5. Relokasi Pasar agar wajah Donggala lebih bersih; Revitalisai Pelabuhan untuk memfungsikan dan memaksimalkan penggunaannya agar roda perekonomian kembali berputar, Galian C di Loli yang cenderung merusak lingkungan serta sengketa tapal batas di Loli, bagaikan bom waktu yang setiap saat dapat meledak dan dapat mengancaman stabilitas Donggala dalam membangun masa depannya.

4. RECOMMENDATION (REKOMENDASI)

Dalam Strength (kekuatan) Donggala, prioritas leade (pimpinan) adalah bagaimana “meng-empower” / memaksimalkan seluruh kekuatan yang ada di Donggala saat ini, sehingga seluruh kekuatan yang ada dapat lebih terlibat dalam pembangunan Donggala yang lebih baik.

Kelemahan Donggala dapat diatasi dengan memberikan prioritas kepada pembangunan kembali infrastruktur Donggala, baik secara fisik maupun mental.
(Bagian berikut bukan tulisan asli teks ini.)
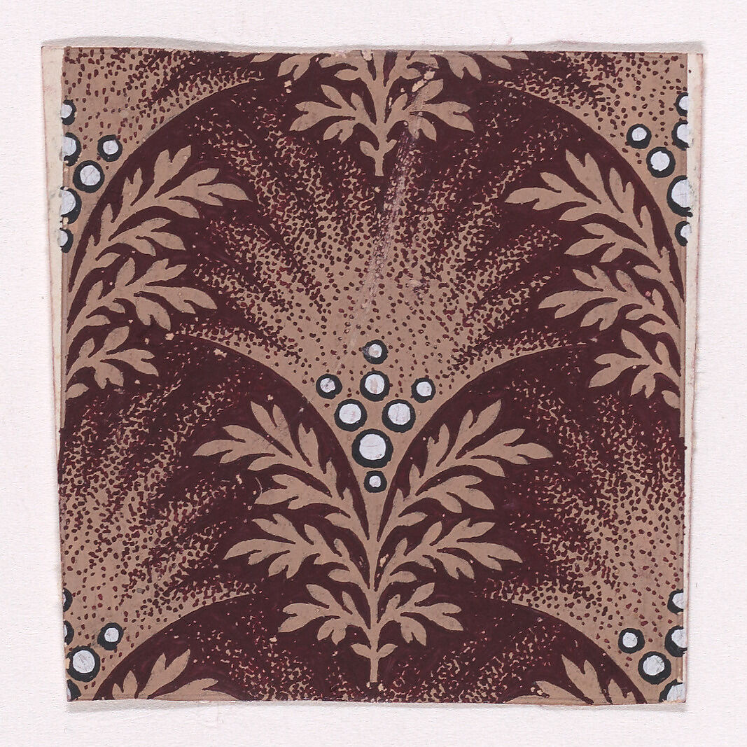 Rectangular sheet of paper with a textile design from a group, dated 1840, made in Mulhouse, Alsace, which was an important nineteenth-century center for textile production in the Haut-Rhin region of France. The design consists of alternating palmettes rendered with stipples of dark reddish-brown color over a tan base, decorated with eight pearls of white color, and flanked by a bundle of six branches with leaves of light tan color, all over a dark reddish-brown base. Only one full motif can be seen in the sheet, with only fragments of the repeats seen in the continuation of the pattern around this central palmette.

Awareness (kepedulian) semua orang terhadap situasi Donggala musti dibangkitkan. Ownership atau rasa memiliki terhadap kembalinya ibu kota Kabupaten Donggala juga harus ditingkatkan, terutama di Donggala Kota. Produktifitas Pegawai Pemda Donggala adalah PR yang besar buat Bupati dan perangkatnya. Skill Sumber Daya Manusia Donggala adalah bahan yang harus digodok bersama.

Opportunity (kesempatan) Donggala untuk kembali bangkit, adalah dengan memfungsikan kembali secara maksimal Ibu Kota Kabupaten di Banawa. Ini adalah key point atau kunci utama kesuksesan Donggala di masa mendatang. Semua stakeholder yang terlibat musti memiliki niat baik untuk mewujudkan hal ini.

Point 3, 4 dan 5 dari threatment (ancaman) adalah prioritas yang utama untuk diselesaikan dalam waktu yang singkat, karena ke 3 point tersebut adalah 80% (Pareto) mewakili persoalan yang terjadi di Donggala.
Secara pribadi, saya sebagai orang Donggala asli berharap ada perbaikan/perubahan yang nyata terjadi di Donggala. Sebagai Ketua Umum Kerukunan Masyarakat Donggala seJabotabek; KMD siap berpartner untuk mencari solusi alternatif terhadap perubahan Donggala kearah yang lebih baik, komitmen kami adalah DONGGALA BANGKIT, seperti termuat dalam dokumen Deklarasi KMD di Taman Mini Indinesia Indah Jakarta pada tanggal 29 Agustus 2004.